Following is the section of log file when error happened.

cib[26922]: 2008/02/27_06:44:37 info: cib_ccm_msg_callback: PEER:
boxqaha1.cybervisiontech.com.ua
cib[26922]: 2008/02/27_06:44:54 info: cib_stats: Processed 1 operations (
100000.00us average, 0% utilization) in the last 10min
heartbeat[26913]: 2008/02/27_07:46:37 WARN: Gmain_timeout_dispatch: Dispatch
function for send local status was delayed 14130 ms (> 510 ms) before being
called (GSource: 0x649118)
heartbeat[26913]: 2008/02/27_07:46:37 info: Gmain_timeout_dispatch: started
at 654275520 should have started at 654274107
heartbeat[26913]: 2008/02/27_07:46:37 WARN: Late heartbeat: Node
boxqaha1.cybervisiontech.com.ua: interval 15130 ms
heartbeat[26913]: 2008/02/27_07:46:37 WARN: Late heartbeat: Node
boxqaha2.cybervisiontech.com.ua: interval 15280 ms
heartbeat[26913]: 2008/02/27_07:46:37 WARN: Gmain_timeout_dispatch: Dispatch
function for check for signals was delayed 14130 ms (> 510 ms) before being
called (GSource: 0x649f88)
heartbeat[26913]: 2008/02/27_07:46:37 info: Gmain_timeout_dispatch: started
at 654275520 should have started at 654274107
heartbeat[26913]: 2008/02/27_07:46:37 WARN: Gmain_timeout_dispatch: Dispatch
function for update msgfree count was delayed 14270 ms (> 5000 ms) before
being called (GSource: 0x64a0b8)
heartbeat[26913]: 2008/02/27_07:46:37 info: Gmain_timeout_dispatch: started
at 654275520 should have started at 654274093
heartbeat[26913]: 2008/02/27_07:46:37 WARN: Gmain_timeout_dispatch: Dispatch
function for client audit was delayed 11860 ms (> 5000 ms) before being
called (GSource: 0x649bb8)
heartbeat[26913]: 2008/02/27_07:46:37 info: Gmain_timeout_dispatch: started
at 654275520 should have started at 654274334
heartbeat[26913]: 2008/02/27_07:46:38 WARN: 413 lost packet(s) for [
boxqaha2.cybervisiontech.com.ua] [142807:143221]

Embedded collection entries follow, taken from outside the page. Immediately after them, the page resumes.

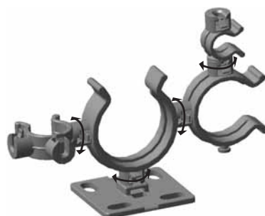
I Clip possono essere agganciati e girati nella posizione desiderata.
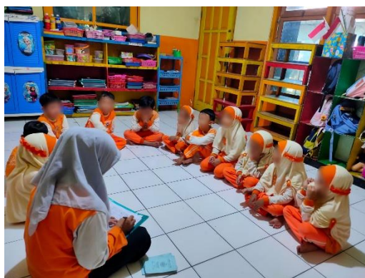
Gambar 3. Proses pembelajaran dan hafalan surat pendek

yang berbeda. Latihan yang cukup akan membantu anak mencapai penguasaan materi secara optimal.
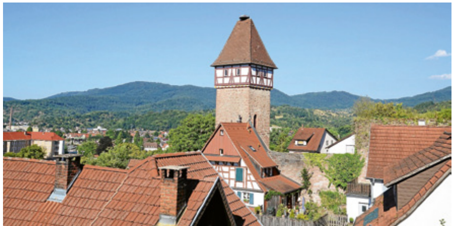
Auch der Storchenturm öffnet seine Pforten an diesem Tag.

Die Programmpunkte in Obertsrot sowie im Kirchl entfallen. ■
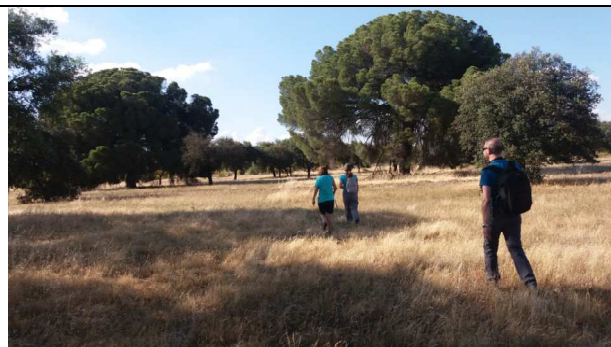
Los Pinos de Tienza
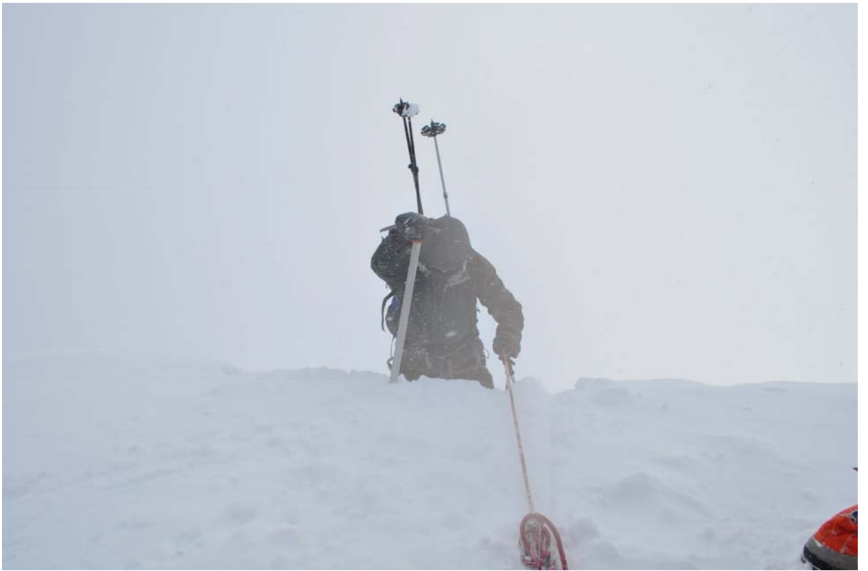
На предвершинное плато выход через карниз, лавиноопасно.
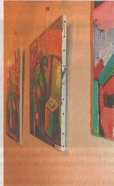
Kunstwerke: Es wurden Kunstwerke unterschiedlicher Machart gezeigt. Reischenbacher
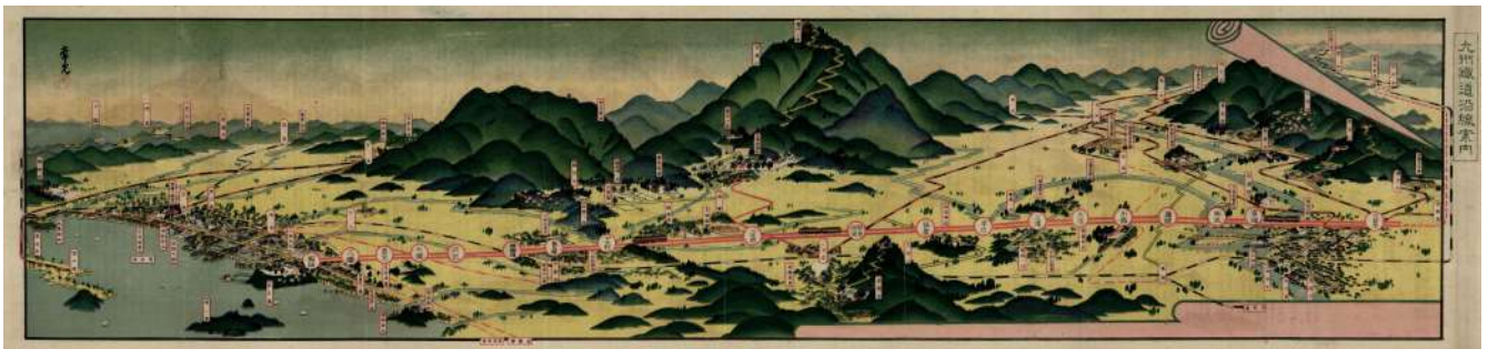
大正13年(1924)の九州鉄道福岡～久留米開通時に発行された「九州鉄道沿線案内」(金子常光原画・当館蔵)

その後、県内では小規模な私鉄や、道路上にレールを敷いて車両を走らせる軌道が、各地に開通しました。その一つ、福岡市で軌道を敷設していた福博電気軌道(後に九州電灯鉄道や福博電車を経て西鉄に統合)の関係者たちが、福岡市と久留米方面を結ぶ高速電車の事業を構想し、大正2年(1913)に筑紫電気軌道の敷設を国に申請します。この会社は大正11年、九州鉄道と改称し、この二代目の九州鉄道が大正13年に、福岡～久留米間を開通させました。そして順次延伸を重ね、昭和14年に大牟田まで全通しました。

heartbeat[26913]: 2008/02/27_07:46:38 ERROR: Cannot write to media pipe 0:
Resource temporarily unavailable
heartbeat[26913]: 2008/02/27_07:46:38 ERROR: Shutting down.
heartbeat[26913]: 2008/02/27_07:46:38 ERROR: Cannot write to media pipe 0:
Resource temporarily unavailable
heartbeat[26913]: 2008/02/27_07:46:38 ERROR: Shutting down.
      ... ... ...
heartbeat[26913]: 2008/02/27_07:46:38 ERROR: Cannot write to media pipe 0:
Resource temporarily unavailable
heartbeat[26913]: 2008/02/27_07:46:38 ERROR: Shutting down.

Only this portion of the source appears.